┏━━

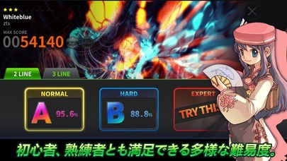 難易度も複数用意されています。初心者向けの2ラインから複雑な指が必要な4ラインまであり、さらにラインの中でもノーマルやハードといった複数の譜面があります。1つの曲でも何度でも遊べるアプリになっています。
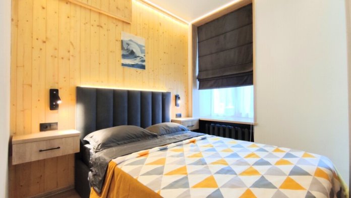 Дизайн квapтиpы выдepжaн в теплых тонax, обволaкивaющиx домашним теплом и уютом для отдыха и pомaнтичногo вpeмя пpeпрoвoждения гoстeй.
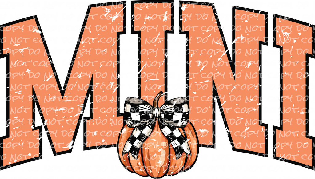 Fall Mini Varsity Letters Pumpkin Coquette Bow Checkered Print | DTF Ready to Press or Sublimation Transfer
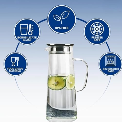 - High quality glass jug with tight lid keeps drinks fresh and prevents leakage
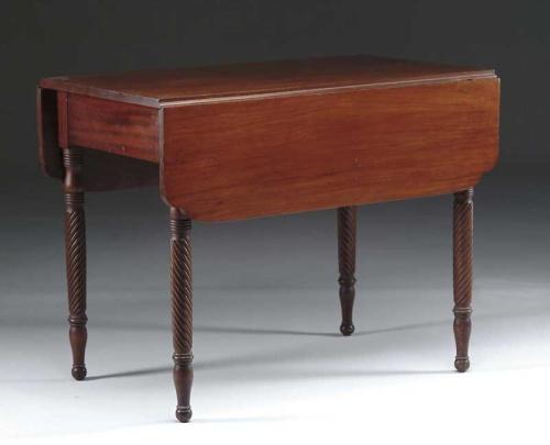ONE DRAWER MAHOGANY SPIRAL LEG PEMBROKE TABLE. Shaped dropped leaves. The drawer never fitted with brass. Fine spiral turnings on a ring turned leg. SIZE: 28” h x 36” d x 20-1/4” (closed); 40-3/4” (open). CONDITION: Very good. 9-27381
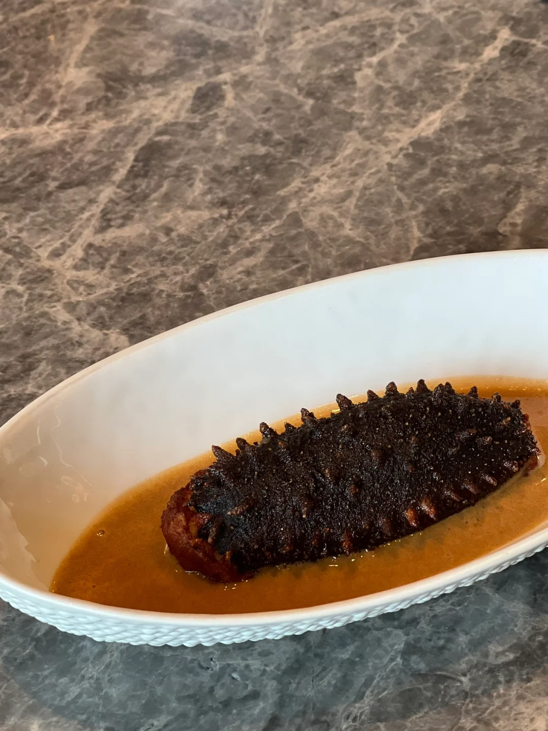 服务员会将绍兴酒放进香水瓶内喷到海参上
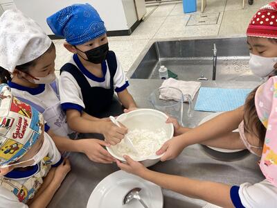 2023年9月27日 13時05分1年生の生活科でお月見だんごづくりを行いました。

┗━━
┏━━

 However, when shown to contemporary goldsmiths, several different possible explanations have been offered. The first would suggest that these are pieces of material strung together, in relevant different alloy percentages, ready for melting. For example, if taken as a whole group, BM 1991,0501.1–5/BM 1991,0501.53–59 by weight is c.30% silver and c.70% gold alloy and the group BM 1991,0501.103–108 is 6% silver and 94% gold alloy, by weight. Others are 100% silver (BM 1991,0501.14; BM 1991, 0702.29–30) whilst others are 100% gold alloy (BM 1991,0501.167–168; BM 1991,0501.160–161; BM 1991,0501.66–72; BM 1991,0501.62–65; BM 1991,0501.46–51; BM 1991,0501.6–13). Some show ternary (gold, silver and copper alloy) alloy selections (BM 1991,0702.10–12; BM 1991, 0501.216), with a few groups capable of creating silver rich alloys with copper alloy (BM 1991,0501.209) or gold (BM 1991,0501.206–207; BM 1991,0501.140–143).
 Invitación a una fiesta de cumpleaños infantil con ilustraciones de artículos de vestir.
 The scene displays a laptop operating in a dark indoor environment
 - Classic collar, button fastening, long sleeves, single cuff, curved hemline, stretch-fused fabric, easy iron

┗━━
┏━━

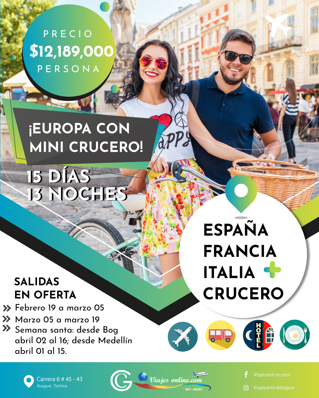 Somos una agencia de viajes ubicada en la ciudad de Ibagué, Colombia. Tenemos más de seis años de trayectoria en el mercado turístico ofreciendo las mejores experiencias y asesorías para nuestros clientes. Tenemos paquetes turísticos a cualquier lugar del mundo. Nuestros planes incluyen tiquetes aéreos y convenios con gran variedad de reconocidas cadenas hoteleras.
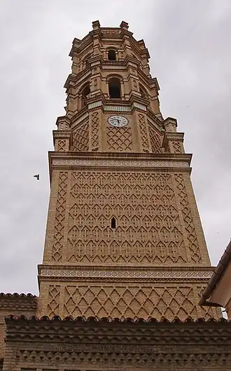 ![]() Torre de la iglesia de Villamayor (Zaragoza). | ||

┗━━

Please set down, exactly and with no pictures, the lines in the entries above starting at the one holding "服务员会将绍兴酒放进香水瓶内喷到海参上" and ending at the one holding "2023年9月27日 13時", ends included.

 服务员会将绍兴酒放进香水瓶内喷到海参上
 2023年9月27日 13時05分1年生の生活科でお月見だんごづくりを行いました。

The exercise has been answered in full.